Collection entries
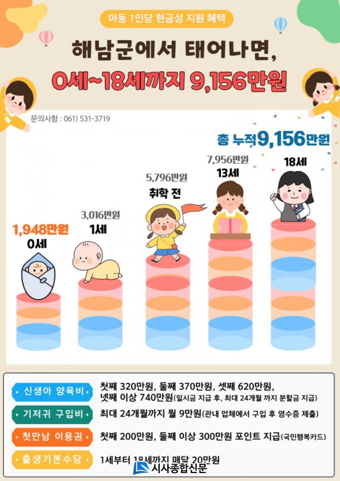 ¿ÃÇØ´Â 2024³â»ý Ãâ»ý¾Æ°¡ 1¼¼°¡ µÇ´Â ½Ã±âºÎÅÍ¡®Ãâ»ý±âº»¼ö´ç¡¯À» Áö¿øÇÏ´Â °¡¿îµ¥ ÇØ³²±ºÀº Ãâ»êºÎÅÍ º¸À°, ±³À°¿¡ À̸£´Â źźÇÑ Áö¿øÃ¼°è¸¦ ±¸ÃàÇØ¡®¾ÆÀ̳º°í ±â¸£±â ÁÁÀº ÇØ³²¡¯À» ±¸ÃàÇϰí ÀÖ´Ù.
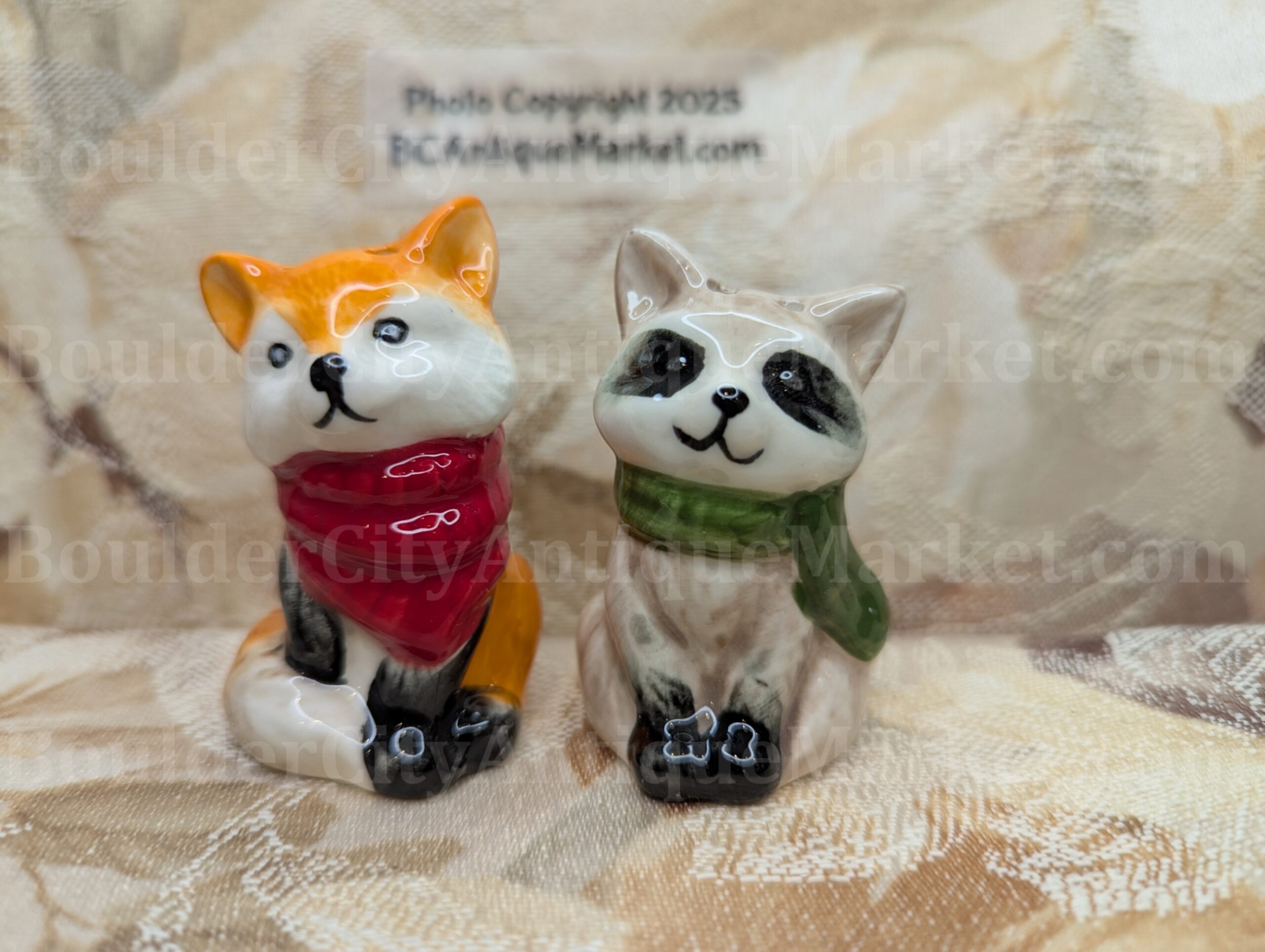 Fox and Racoon with Scarves – Small Salt and Pepper Set
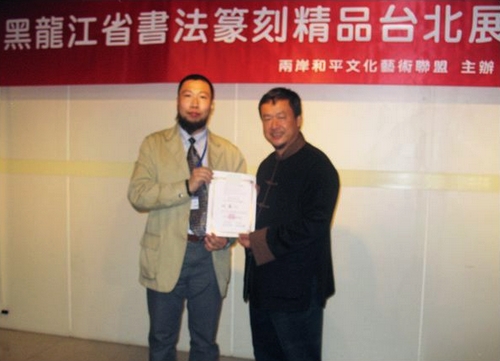开幕式上台湾两岸和平文化艺术联盟敦聘何鑫老师等我省三位著名书法家为该联盟书法艺术顾问,由联盟总会秘书长李沃源为其颁发《荣誉聘书》。黑龙江省书法代表团成员及台湾书法家和书法爱好者百余人出席了开幕式。
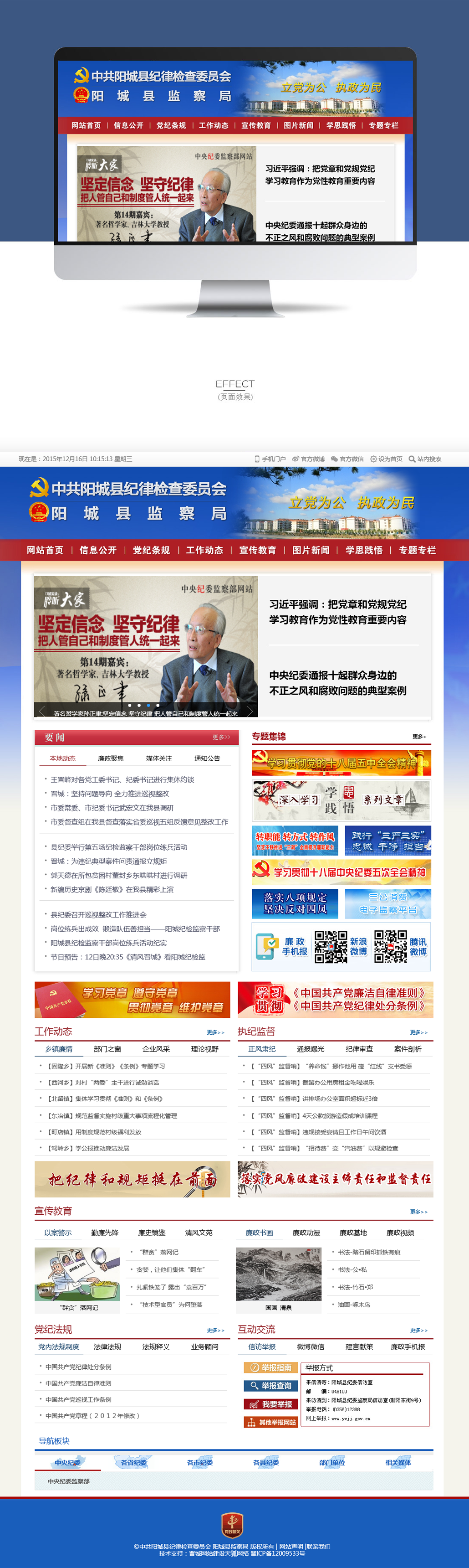 欄,以文字、圖片、視頻等多種形態(tài)呈現(xiàn),力求把網(wǎng)站打造成為陽(yáng)城縣紀(jì)檢監(jiān)察信息公開(kāi)、宣傳教育、成果展示、網(wǎng)絡(luò)舉報(bào)、問(wèn)責(zé)曝光的主渠道主陣地。
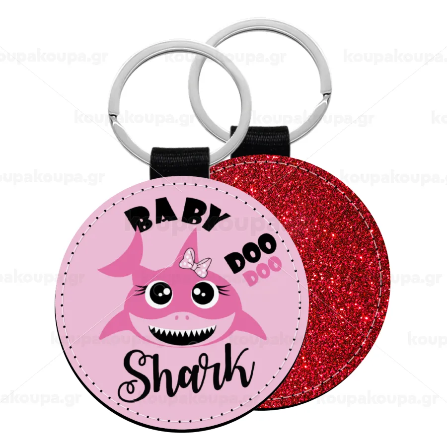 Baby Shark (girl), Μπρελόκ Δερματίνη, στρογγυλό ΚΟΚΚΙΝΟ (5cm)
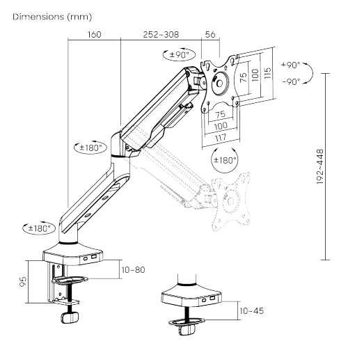 FlexPrecision Cost-Effective Mechanical Spring Monitor Arm LDT94-C012E Elegance meets affordability: for monitors up to 12kg (26.4lbs). from china(chinese)
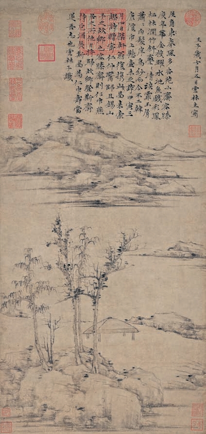 五月八日。得云林《林堂诗思图》 (图1—13) ,五数(金五五)。纸尚洁白,稍有虫蚀。余所见倪画当以此为最洁净。见《式古堂汇考》。昔有王烟客藏本,在《小中见大》烟(客)临古本中有此一幅,该册原本大约均为思翁、烟客等所有名迹而缩临者,今真迹尚存者恐不满十幅,而此幅竟于无意中获得。神物来归,洵非偶然也。

:: Problem to work on ::
Set down exactly, and only, the lines from the one holding "Baby Shark (girl), Μπρελόκ" to the end of the records above, leaving every picture out.

:: Answer to the problem ::
 Baby Shark (girl), Μπρελόκ Δερματίνη, στρογγυλό ΚΟΚΚΙΝΟ (5cm)
 FlexPrecision Cost-Effective Mechanical Spring Monitor Arm LDT94-C012E Elegance meets affordability: for monitors up to 12kg (26.4lbs). from china(chinese)
 五月八日。得云林《林堂诗思图》 (图1—13) ,五数(金五五)。纸尚洁白,稍有虫蚀。余所见倪画当以此为最洁净。见《式古堂汇考》。昔有王烟客藏本,在《小中见大》烟(客)临古本中有此一幅,该册原本大约均为思翁、烟客等所有名迹而缩临者,今真迹尚存者恐不满十幅,而此幅竟于无意中获得。神物来归,洵非偶然也。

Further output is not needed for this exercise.